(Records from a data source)
:::

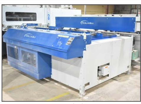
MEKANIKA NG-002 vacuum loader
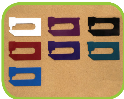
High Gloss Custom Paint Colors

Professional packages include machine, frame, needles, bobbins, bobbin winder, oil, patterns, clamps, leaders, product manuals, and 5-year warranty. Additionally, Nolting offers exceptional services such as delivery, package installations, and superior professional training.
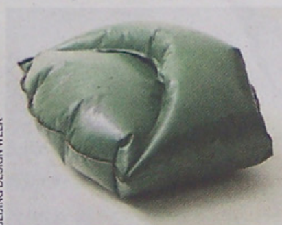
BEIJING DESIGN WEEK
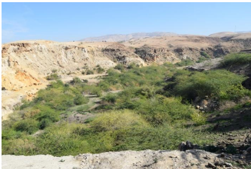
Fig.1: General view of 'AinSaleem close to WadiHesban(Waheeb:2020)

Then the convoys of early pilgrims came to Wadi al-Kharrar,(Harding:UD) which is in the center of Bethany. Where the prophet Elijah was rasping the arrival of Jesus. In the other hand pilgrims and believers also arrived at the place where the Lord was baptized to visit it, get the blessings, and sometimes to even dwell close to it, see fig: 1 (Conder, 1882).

:::

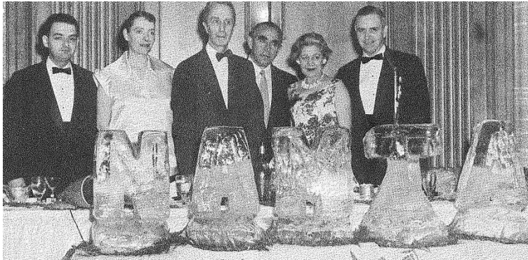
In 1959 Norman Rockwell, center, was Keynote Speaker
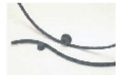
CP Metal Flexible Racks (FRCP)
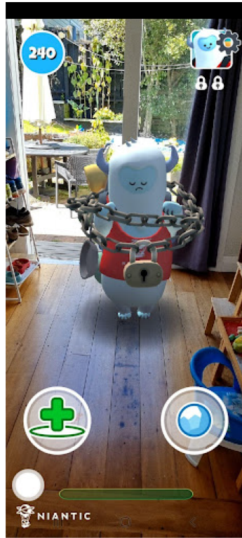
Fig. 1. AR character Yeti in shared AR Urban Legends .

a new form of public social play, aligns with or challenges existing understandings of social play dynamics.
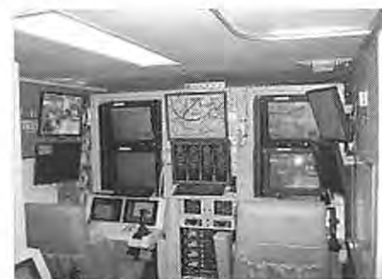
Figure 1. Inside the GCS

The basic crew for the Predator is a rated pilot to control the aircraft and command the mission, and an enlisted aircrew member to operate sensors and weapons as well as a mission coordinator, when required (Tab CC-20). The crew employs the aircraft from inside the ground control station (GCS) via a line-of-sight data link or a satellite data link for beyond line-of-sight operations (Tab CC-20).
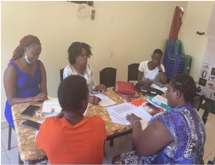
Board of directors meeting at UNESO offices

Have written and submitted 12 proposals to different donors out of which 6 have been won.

:::

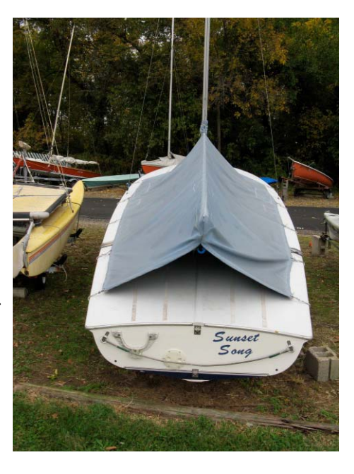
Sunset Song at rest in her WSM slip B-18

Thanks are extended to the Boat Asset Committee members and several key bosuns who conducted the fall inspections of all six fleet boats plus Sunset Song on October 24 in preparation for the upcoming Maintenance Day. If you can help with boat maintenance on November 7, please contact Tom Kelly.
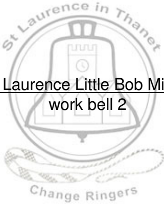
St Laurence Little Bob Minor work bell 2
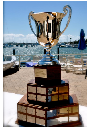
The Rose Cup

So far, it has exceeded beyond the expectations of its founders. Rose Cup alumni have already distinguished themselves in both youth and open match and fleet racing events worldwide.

:::

### TO DO
Please print the lines above word for word, starting at the one with "Thanks are extended" and ending at the one with "So far, it has", both included, and without any picture.

### FINAL ANSWER
Thanks are extended to the Boat Asset Committee members and several key bosuns who conducted the fall inspections of all six fleet boats plus Sunset Song on October 24 in preparation for the upcoming Maintenance Day. If you can help with boat maintenance on November 7, please contact Tom Kelly.
St Laurence Little Bob Minor work bell 2
The Rose Cup

So far, it has exceeded beyond the expectations of its founders. Rose Cup alumni have already distinguished themselves in both youth and open match and fleet racing events worldwide.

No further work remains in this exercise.